- [Your task]:
When you reach the line that contains "2月12日在藏北當雄縣公塘鄉(xiāng)拍攝的盛裝漢子。新華社記者 覺果 攝", give it back exactly along with each line after it to the end of the entries; skip any pictures.

(Stored data)
•••••

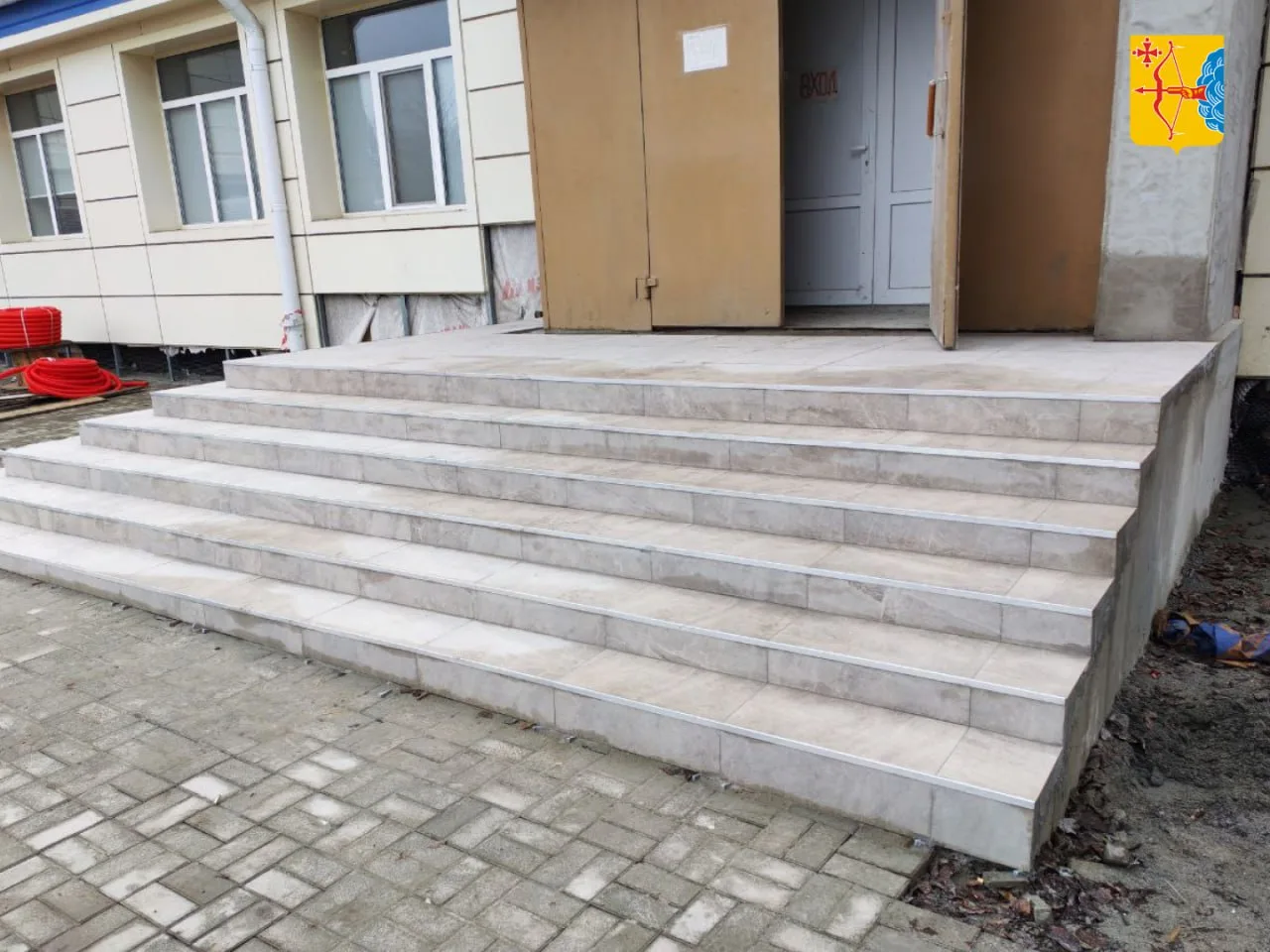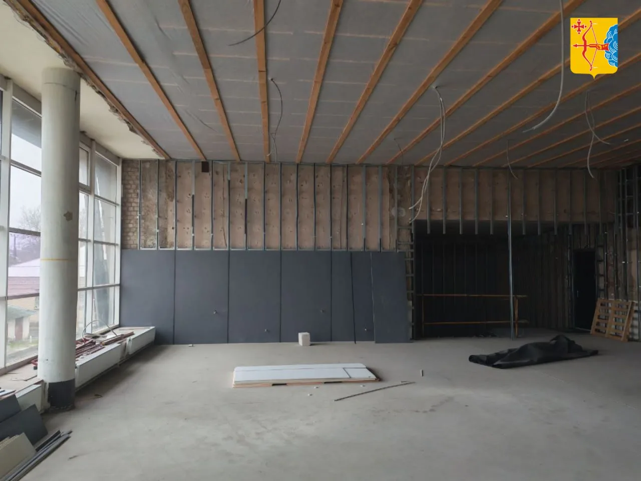 Капитальный ремонт в Центральном ДК округа включает масштабные работы по обновлению всего здания. Замена кровли и фасада выполнены в прошлом году. В 2025 году продолжается облицовка входных групп керамогранитом, создана новая отмостка, смонтирована дренажная система и хозяйственно-бытовая канализация, обустроены новые колодцы. Идет отделка (штукатурка) внутренних помещений. В холле второго этажа сняты старые стеновые панели, далее несущий металлический каркас помещения будет укреплен.
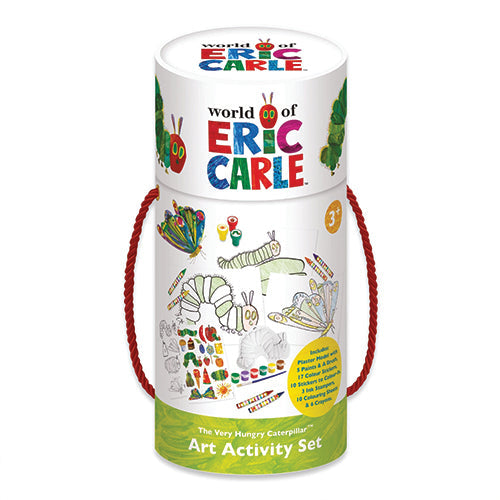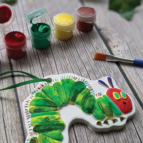 The Very Hungry Caterpillar Deluxe art activity set offers a plaster caterpillar figure ready to be painted, accompanied by six vibrant paints and a brush. It also includes ten colouring sheets, six crayons, three ink stampers, and a variety of engaging stickers. Designed to inspire creativity, this kit provides numerous opportunities for painting, drawing, sticking, and colouring. All materials have been safety tested, ensuring suitability for children to explore their artistic talents with confidence.
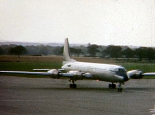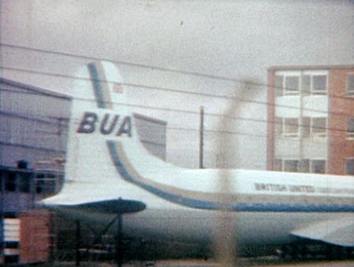 In the background, a Vickers 833 Viscount of British United Airways, and an unidentified De Havilland DH114 Heron.
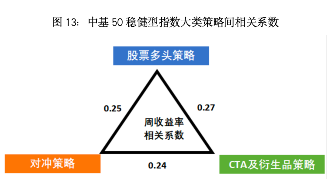 相比于沪深300指数,中基50指数在收益和风险指标上均有相对优异的表现,这主要源于中基50指数三大策略之间的低相关性,三类策略两两之间的相关性最高不超过0.35,属于中低度相关水平,相关性最低的两类策略为股票多头策略和对冲策略,相关系数低至0.20。整体上看,策略间低相关度使得三类策略的表现在波动上具有一定的互补性,有利于降低指数的波动率,策略的正收益部分则会叠加起来,使中基50指数能以相对较低波动的方式获得收益,指数的风险收益比也会相对有所提高。
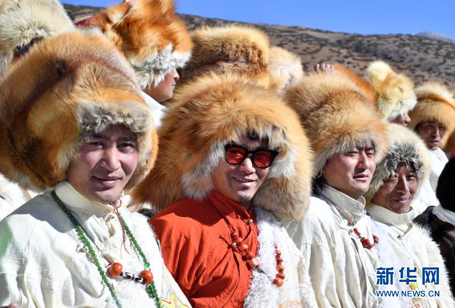 2月12日在藏北當雄縣公塘鄉(xiāng)拍攝的盛裝漢子。新華社記者 覺果 攝
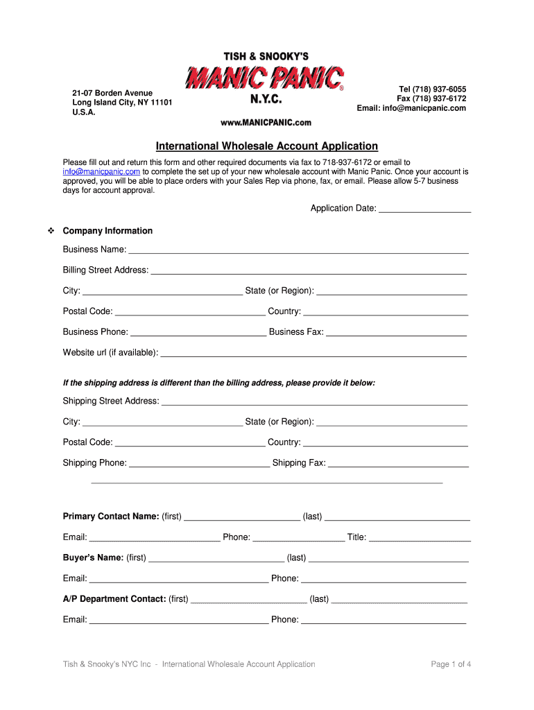 Tel (718) 9376055 Fax (718) 9376172 Email: info manicpanic.com 2107 Borden Avenue Long Island City, NY 11101 U.S.A. International Wholesale Account Application Please fill out and return this form
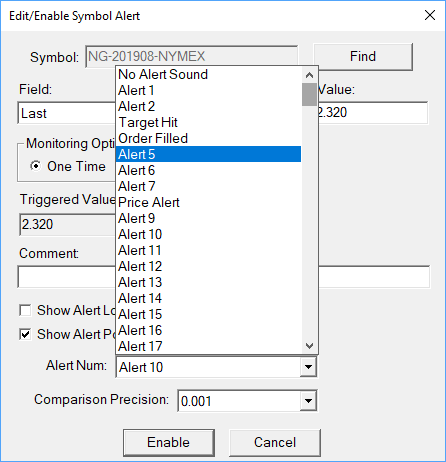 You need to assign them to the individual Alert Numbers through the General Settings: https://www.sierrachart.com/index.php?page=doc/GeneralSettings.html#Tab_General3 Sierra Chart Support - Engineering Level Your definitive source for support. Other responses are from users. Try to keep your questions brief and to the point. Be aware of support policy: https://www.sierrachart.com/index.php?l=PostingInformation.php#GeneralInformation For the most reliable, advanced, and zero cost futures order routing, *change* to the Teton service: Sierra Chart Teton Futures Order Routing |
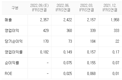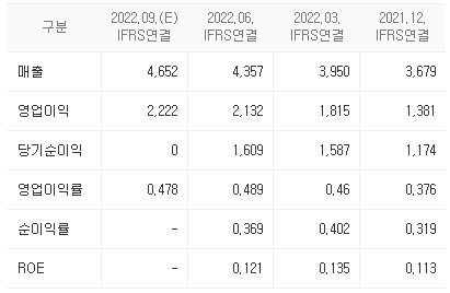 - 반도체 재료 부문은 독보적인 경쟁력을 유지하며 2022년 반기 매출액은 전년 동기 대비 35% 성장한 1,612억 원, 영업이익은 42% 증가한 492억 원을 달성하였다.
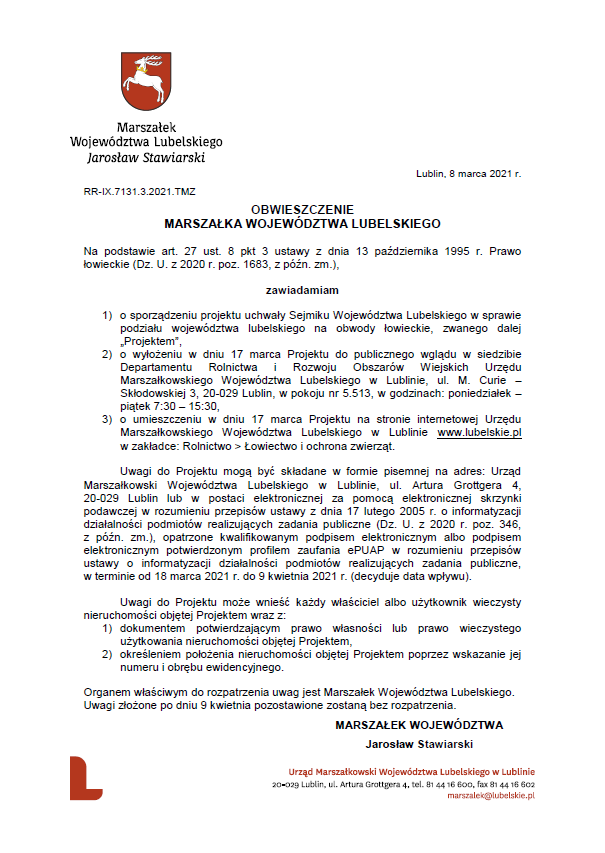 Obwieszczenie Marszałka Województwa Lubelskiego z dnia 08 marca 2021 roku
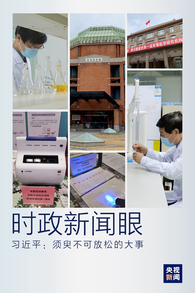 2日下午,習(xí)近平首先來(lái)到軍事醫(yī)學(xué)研究院考察。疫情發(fā)生以來(lái),軍事醫(yī)學(xué)研究院集中力量展開應(yīng)急科研攻關(guān),取得了階段性成果。
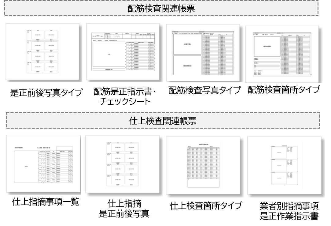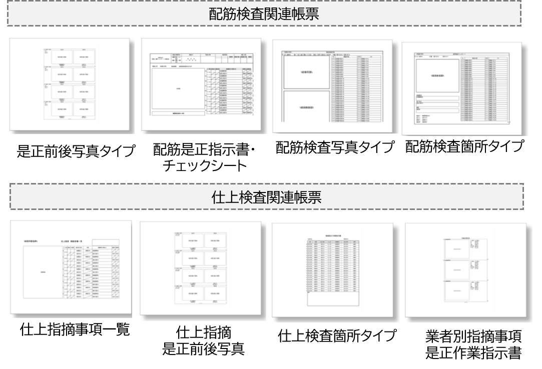 配筋検査の是正前後写真のアルバムや、協力施工会社毎の仕上検査の指示書など、検査に関連する帳票の雛形を標準搭載。その他、オリジナルの帳票についても作成可能です。
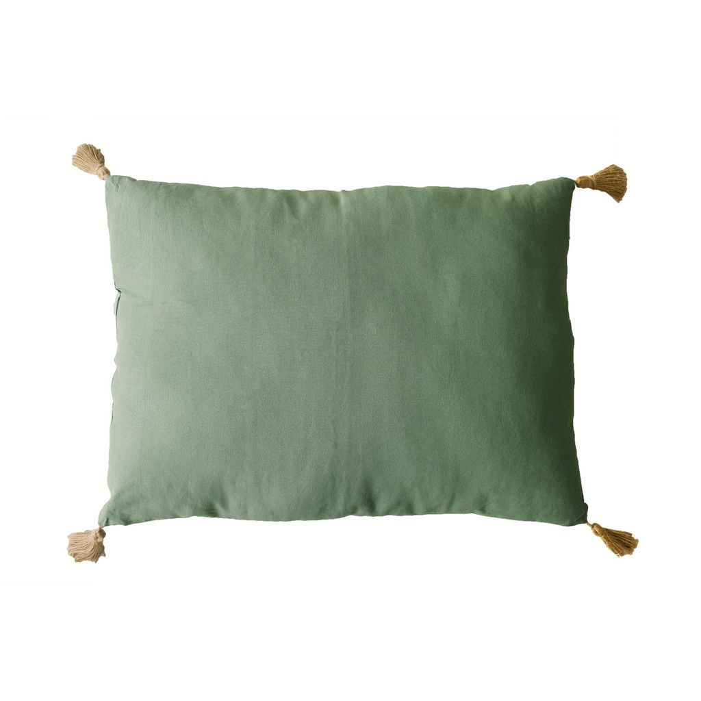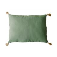Coussin rectangulaire Panama avec 4 pompons en jute - 70 cm x 50 cm - Vert Argile

•••••

- [Answer box]:
 2月12日在藏北當雄縣公塘鄉(xiāng)拍攝的盛裝漢子。新華社記者 覺果 攝
 Tel (718) 9376055 Fax (718) 9376172 Email: info manicpanic.com 2107 Borden Avenue Long Island City, NY 11101 U.S.A. International Wholesale Account Application Please fill out and return this form
 You need to assign them to the individual Alert Numbers through the General Settings: https://www.sierrachart.com/index.php?page=doc/GeneralSettings.html#Tab_General3 Sierra Chart Support - Engineering Level Your definitive source for support. Other responses are from users. Try to keep your questions brief and to the point. Be aware of support policy: https://www.sierrachart.com/index.php?l=PostingInformation.php#GeneralInformation For the most reliable, advanced, and zero cost futures order routing, *change* to the Teton service: Sierra Chart Teton Futures Order Routing |
 - 반도체 재료 부문은 독보적인 경쟁력을 유지하며 2022년 반기 매출액은 전년 동기 대비 35% 성장한 1,612억 원, 영업이익은 42% 증가한 492억 원을 달성하였다.
 Obwieszczenie Marszałka Województwa Lubelskiego z dnia 08 marca 2021 roku
 2日下午,習(xí)近平首先來(lái)到軍事醫(yī)學(xué)研究院考察。疫情發(fā)生以來(lái),軍事醫(yī)學(xué)研究院集中力量展開應(yīng)急科研攻關(guān),取得了階段性成果。
 配筋検査の是正前後写真のアルバムや、協力施工会社毎の仕上検査の指示書など、検査に関連する帳票の雛形を標準搭載。その他、オリジナルの帳票についても作成可能です。
Coussin rectangulaire Panama avec 4 pompons en jute - 70 cm x 50 cm - Vert Argile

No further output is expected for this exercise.